### Exercise directions
Could you give the listing again exactly, without its pictures?

### Input data
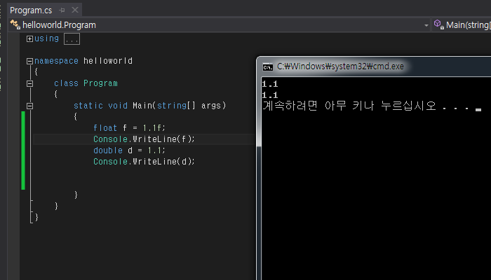 C# 프로그래밍 예제- Console.WriteLine 함수 사용 값 출력
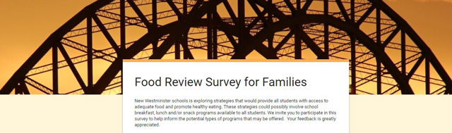 Families in New Westminster Schools are invited to participate in the Food Review Survey: click here.
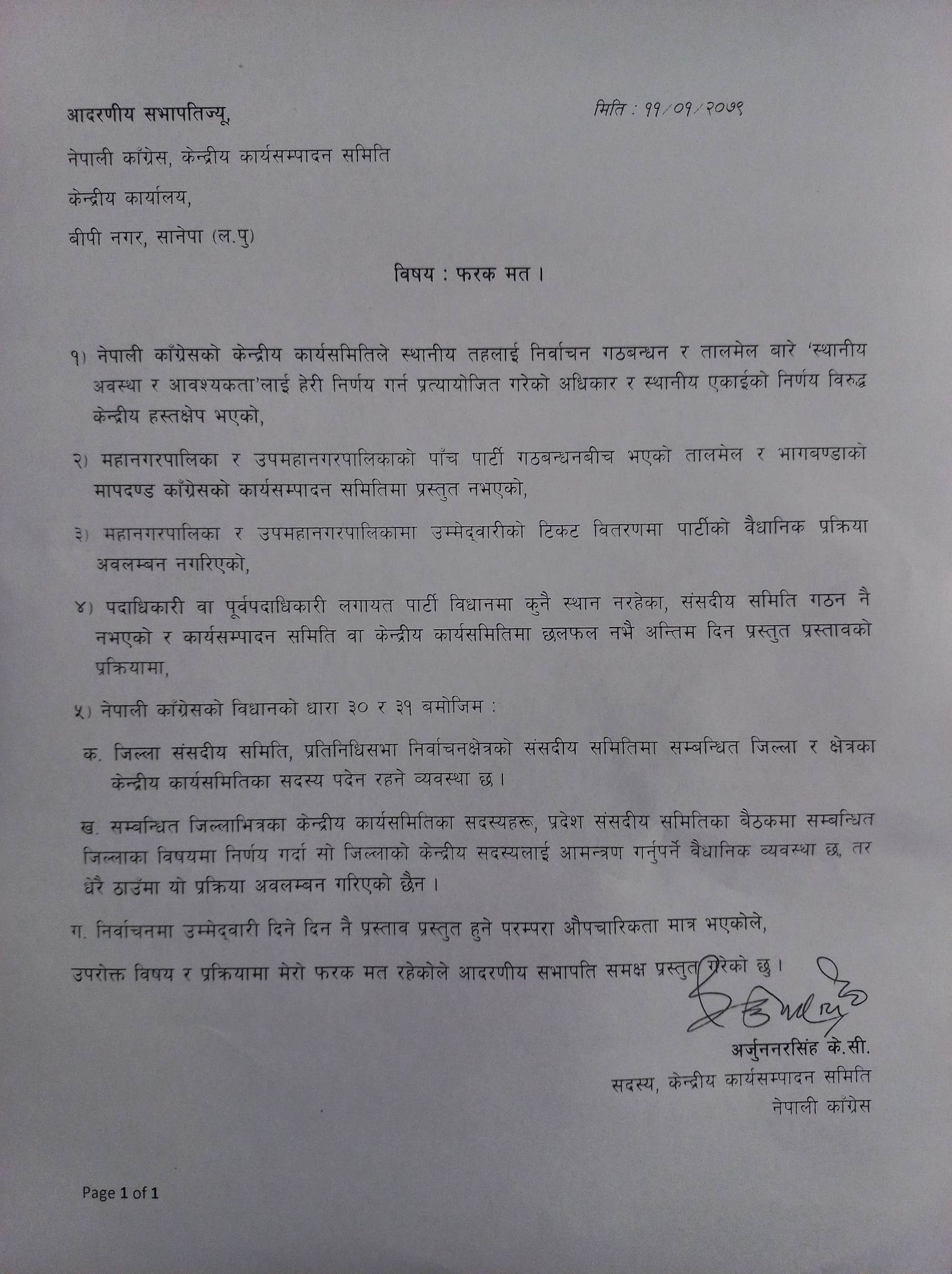काठमाडौं । नेपाली कांग्रेसका केन्द्रीय सदस्य अर्जुननरसिंह केसीले केन्द्रीय कार्यसम्पादन समितिको बैठकमा आफ्नो ५ बुँदे फरक मत राखेका छन् ।
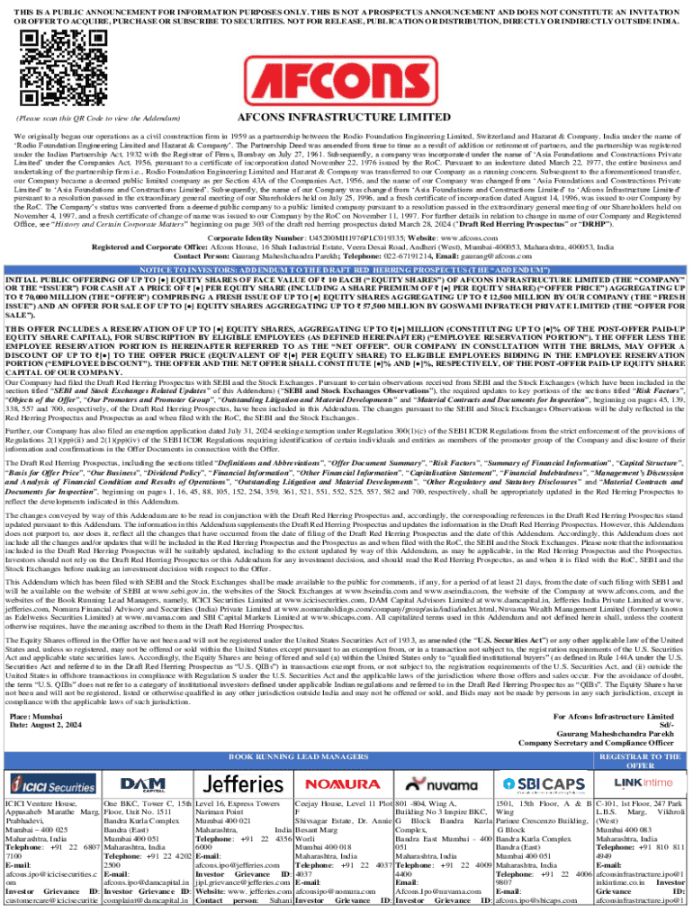 Get the free addendum to the draft red herring prospectus dated

### Answer for the task
 C# 프로그래밍 예제- Console.WriteLine 함수 사용 값 출력
 Families in New Westminster Schools are invited to participate in the Food Review Survey: click here.
काठमाडौं । नेपाली कांग्रेसका केन्द्रीय सदस्य अर्जुननरसिंह केसीले केन्द्रीय कार्यसम्पादन समितिको बैठकमा आफ्नो ५ बुँदे फरक मत राखेका छन् ।
 Get the free addendum to the draft red herring prospectus dated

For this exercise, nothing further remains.